Well, LOL, if it were Sunny he'd amuse himself watching TV. He is glued to the flatscreen all the time!!!! Loves the cartoons! Obviously, that won't exercise her, but it would AMUSE her!


----------



## msminnamouse (Nov 4, 2010)

I swear, if she watches anymore LMN (the woman's movie network), she's going to become a feminist! Lol.


----------



## sarahmurphy (Mar 22, 2012)

I may have missed something, but isn't the point of rest to "Not exercise"?... She's probably still going to be able to roll off the couch after 6 weeks of holding down the couch... (we have to crate to get stillness around here...)

Rumor has it dogs don't understand your words, just your tone of voice, so you may be safe enough with LMN....:bathbaby::bathbaby:

sarah


----------



## Chagall's mom (Jan 9, 2010)

I'm sorry Ginger has an injury and long convalescence ahead of her.

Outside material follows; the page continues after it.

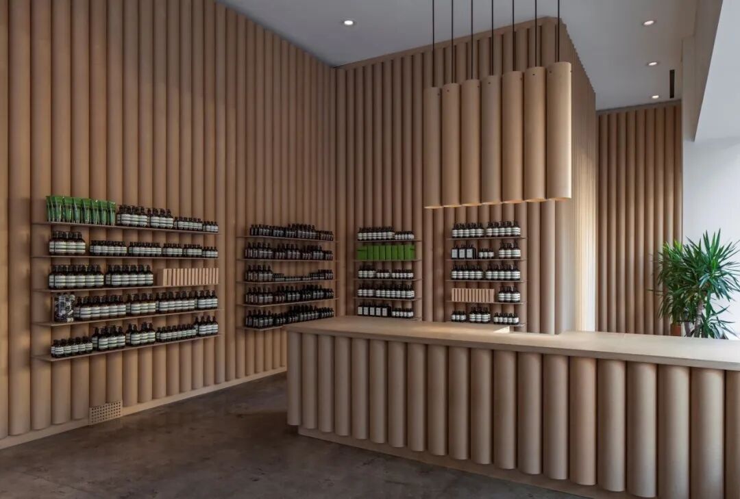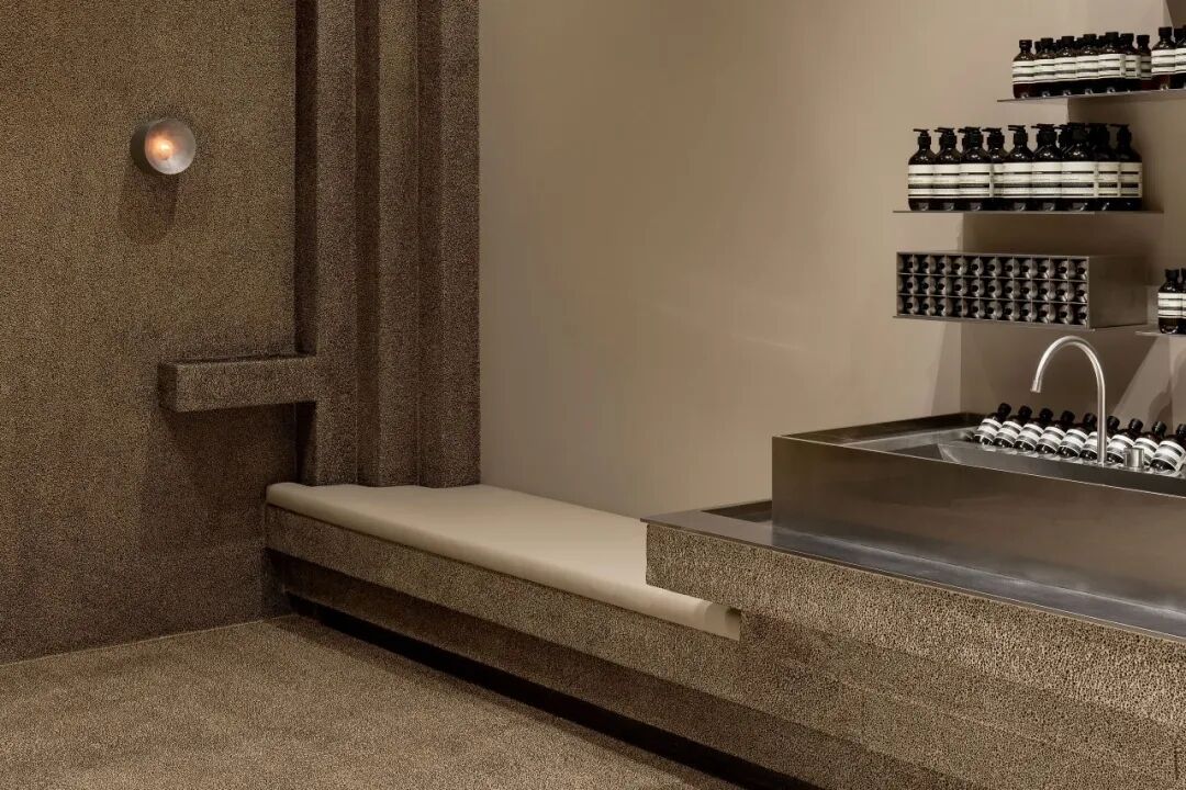Aēsop伊索每到一个城市开店,就会在当地取材并用于店铺设计中,比如澳大利亚柯林斯路店曾选取当地的山羊毛制成地毯,台湾新竹店则运用了当地天然沙砾、玻璃与工艺制成内部墙壁与台面。

How hard for you both! This is really a dog owner's nightmare and torment; how to keep a dog, especially one as smart as a poodle, happily entertained when they're relegated to a sedentary life for a time. I ran a google search for ideas, but didn't really come up with anything novel; the usual food games, relaxation techniques, etc. I do remember a member, *Gorky*, whose spoo Lichen had to recuperate from a nasty shoulder injury, maybe you can reach out to her for some ideas on what she did to keep him content during his recovery? Meanwhile, I'll keep looking on-line and asking other dog owners for their ideas. I think lots of us could use suggestions about how to keep our poods occupied when they're healing. Meanwhile, I'll PM you a post I copied off a Yahoo group about providing activities for convalescing dogs. Pressed for time now or I'd excerpt it here. Good luck!:clover:


----------



## Poodlemama99 (Feb 12, 2010)

Only way to slow mine down during recovery is crate. Horrible for everyone. Nicholas luxating patella recovery was the longest 8 weeks of our lives. Good luck.


----------



## BorderKelpie (Dec 3, 2011)

When our 8 yo cattle dog tore her ACL, we were told to limit exercise to 15 minute walks. Good luck keeping a working Kelpie down. My daughter introduced her to tracking. Pelli was allowed to do scent pads which is basically just stomped out ptches of grass with her food hidden in it. She had to sniff out the food. It gave her something to do that was more standing, sniffing and thinking. She had been so depressed and miserable in her crate. The tracking got her mind (and her tail) working again without straining her knee. She would then go happily into her crate and watch tv and was allowed loose in the house on leash while DD did her homework. Tracking has become a great hobby for both of them Pelli loves it and now my DD is considering doing SAR once she's finished with college. 
Tracking really seems to work for most of my dogs, even the rescue chihuahua has been started recently. It makes them think, which helps wear them out. I have some seriously active dogs. lol


----------



## Karenl39 (Nov 18, 2012)

My 6 month old puppy justs got over her broken leg. She had plates put in it in 2 places. We gave her ace, LOL. Anyways, when she wasn't on the tranquilizer, I played games with her. I taught her to target my hand and also taught her to wait for treats. I also played hiding games with her dog food. I'd hide a piece in the blanket and she had to find it. Good luck, I think this was the longest 4 weeks in my life!


----------